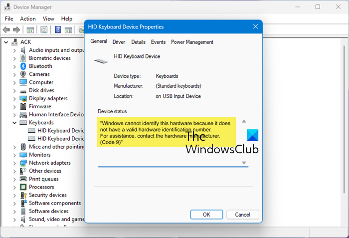 - 双击驾驶员,显示警告标志以打开其特性。阅读设备状态消息下方一般的选项卡。它将显示错误代码和错误消息。
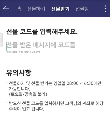 받는 사람은 해당 화면 상단에 선물받기를 선택하고 선물 받은 메시지에 코드를 입력해 주시면 됩니다.
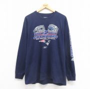 XL★古着 長袖 Tシャツ メンズ NFL ニューイングランドペイトリオッツ 大きいサイズ コットン クルーネック 紺 アメフト スーパーボウル
◇ ◇ ◇ ◇ ◇ ◇ ◇
INSTRUCTIONS FOR THE TASK: Everything in the listing except the pictures must be reproduced exactly.

EXERCISE OUTPUT:
 - 双击驾驶员,显示警告标志以打开其特性。阅读设备状态消息下方一般的选项卡。它将显示错误代码和错误消息。
 받는 사람은 해당 화면 상단에 선물받기를 선택하고 선물 받은 메시지에 코드를 입력해 주시면 됩니다.
 XL★古着 長袖 Tシャツ メンズ NFL ニューイングランドペイトリオッツ 大きいサイズ コットン クルーネック 紺 アメフト スーパーボウル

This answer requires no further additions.